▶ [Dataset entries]
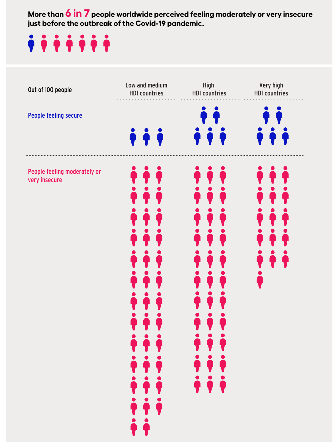
Figure 1 Perceptions of human insecurity are widespread worldwide
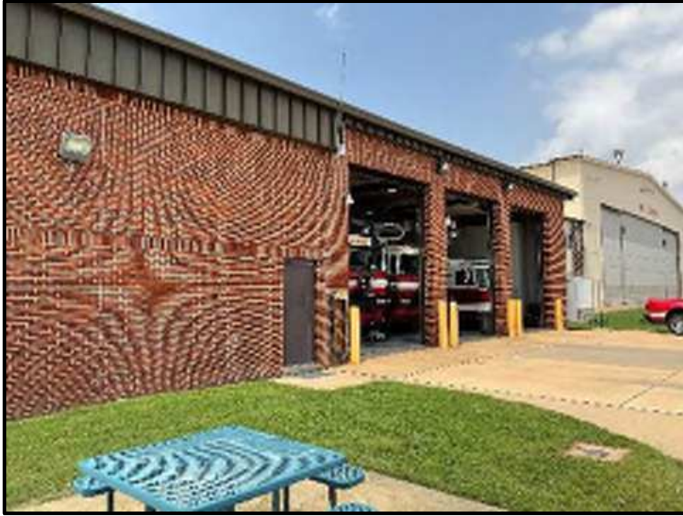
5 - B202 East Overhead Door Openings
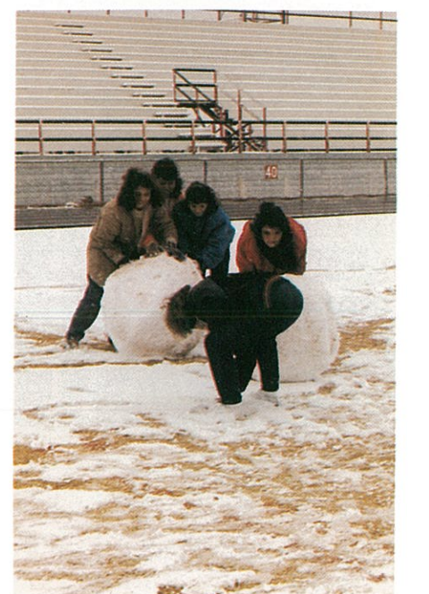
In the snow, some eighth grade girls are attempting to build a snowman. This day at school was fun for everyone because it provided a little excitement in the school.
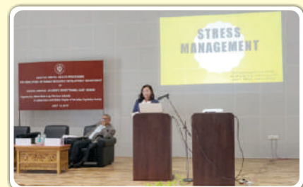
Sensitization Programme on Positive Mental Health for the Employees of Human Resource Development Department, Government of Sikkim on 12 th July, 2019 in the Auditorium of Sikkim Judicial Academy, Sokeythang, East Sikkim.
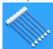
MT Holder X5

This kit allows the steps from sampling to extraction (during head space analysis) to be taken without requiring direct touch of the materials with hands. The use of this kit is therefore expected to reduce contamination and to improve reproducibility of analysis.
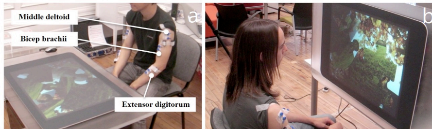
Fig. 1. The experimental set up for the horizontal (a) and vertical (b) configurations

Eighteen males, who were familiar with multi-touch technology and were free of musculoskeletal disorders, took part. The mean age was 26.4 ( \pm 4.6 ). Three were left-handed. The tabletop was raised to a height of 26" using wooden panels to allow comfort and participants sat on a chair 18" in height (Figure 1a).
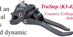
TruStep (K3-4)
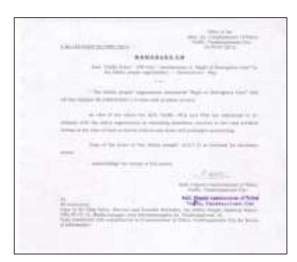
TRAFFIC POLICE VISAKHAPATNAM
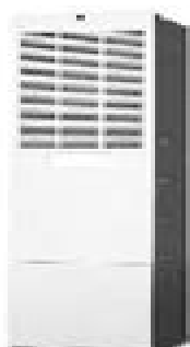
Front Return with Coil Box
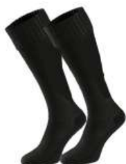
Socks Plain, black long socks.
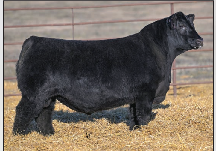
Lot 28, Ellingson Badlands 3008.
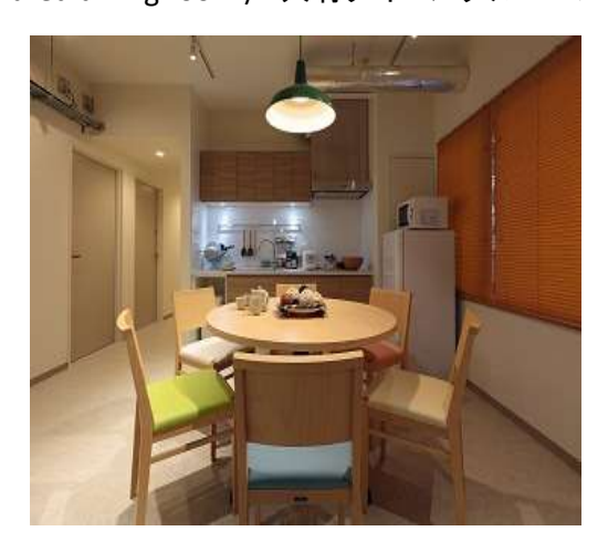
Shared dining room / 共有ダイニングルーム
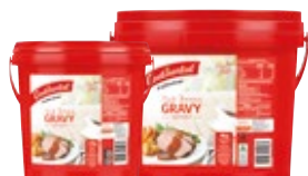
Continental Rich Brown Gravy 1.8kg/6kg
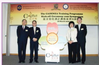
▲ Kick-off ceremony cum symposium

A 'Kick-off Ceremony cum Symposium for the CADENZA Training Programme' was successfully launched on 28 March 2008. Over 350 participants from various health and social care disciplines joined this event and witnessed the commencement of the 5-year interdisciplinary and territory-wide CADENZA Training Programme. The training programme comprises five thematic courses. They include 1) Successful aging and intergenerational solidarity, 2) Psychosocial and spiritual care, 3) Chronic disease management and end-of-life care, 4) Dementia – prevention and supportive care, 5) Community and residential care for older people. These five courses provide the participants with a comprehensive scope of knowledge on promoting physical, psychological, social and spiritual well-being of the older people. Table 1 describes the specific focuses of each thematic course.
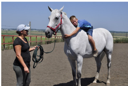
NOROC kids with the Horses
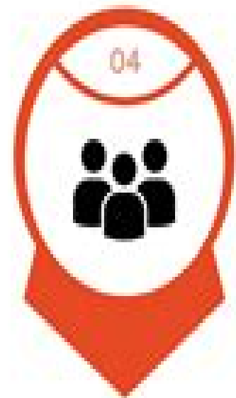
Multi-player Negotiation Games
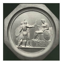
7."Popular Irregulars", French Invasion of Russia 1812
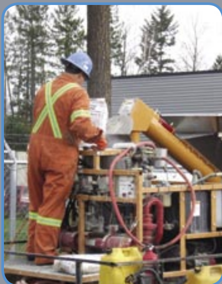
■ Grouting of bore hole.

▶ [What you will do]
Reproduce each line of the records exactly, omitting any picture.

▶ [Solved problem]
Figure 1 Perceptions of human insecurity are widespread worldwide
5 - B202 East Overhead Door Openings
In the snow, some eighth grade girls are attempting to build a snowman. This day at school was fun for everyone because it provided a little excitement in the school.
Sensitization Programme on Positive Mental Health for the Employees of Human Resource Development Department, Government of Sikkim on 12 th July, 2019 in the Auditorium of Sikkim Judicial Academy, Sokeythang, East Sikkim.
MT Holder X5

This kit allows the steps from sampling to extraction (during head space analysis) to be taken without requiring direct touch of the materials with hands. The use of this kit is therefore expected to reduce contamination and to improve reproducibility of analysis.
Fig. 1. The experimental set up for the horizontal (a) and vertical (b) configurations

Eighteen males, who were familiar with multi-touch technology and were free of musculoskeletal disorders, took part. The mean age was 26.4 ( \pm 4.6 ). Three were left-handed. The tabletop was raised to a height of 26" using wooden panels to allow comfort and participants sat on a chair 18" in height (Figure 1a).
TruStep (K3-4)
TRAFFIC POLICE VISAKHAPATNAM
Front Return with Coil Box
Socks Plain, black long socks.
Lot 28, Ellingson Badlands 3008.
Shared dining room / 共有ダイニングルーム
Continental Rich Brown Gravy 1.8kg/6kg
▲ Kick-off ceremony cum symposium

A 'Kick-off Ceremony cum Symposium for the CADENZA Training Programme' was successfully launched on 28 March 2008. Over 350 participants from various health and social care disciplines joined this event and witnessed the commencement of the 5-year interdisciplinary and territory-wide CADENZA Training Programme. The training programme comprises five thematic courses. They include 1) Successful aging and intergenerational solidarity, 2) Psychosocial and spiritual care, 3) Chronic disease management and end-of-life care, 4) Dementia – prevention and supportive care, 5) Community and residential care for older people. These five courses provide the participants with a comprehensive scope of knowledge on promoting physical, psychological, social and spiritual well-being of the older people. Table 1 describes the specific focuses of each thematic course.
NOROC kids with the Horses
Multi-player Negotiation Games
7."Popular Irregulars", French Invasion of Russia 1812
■ Grouting of bore hole.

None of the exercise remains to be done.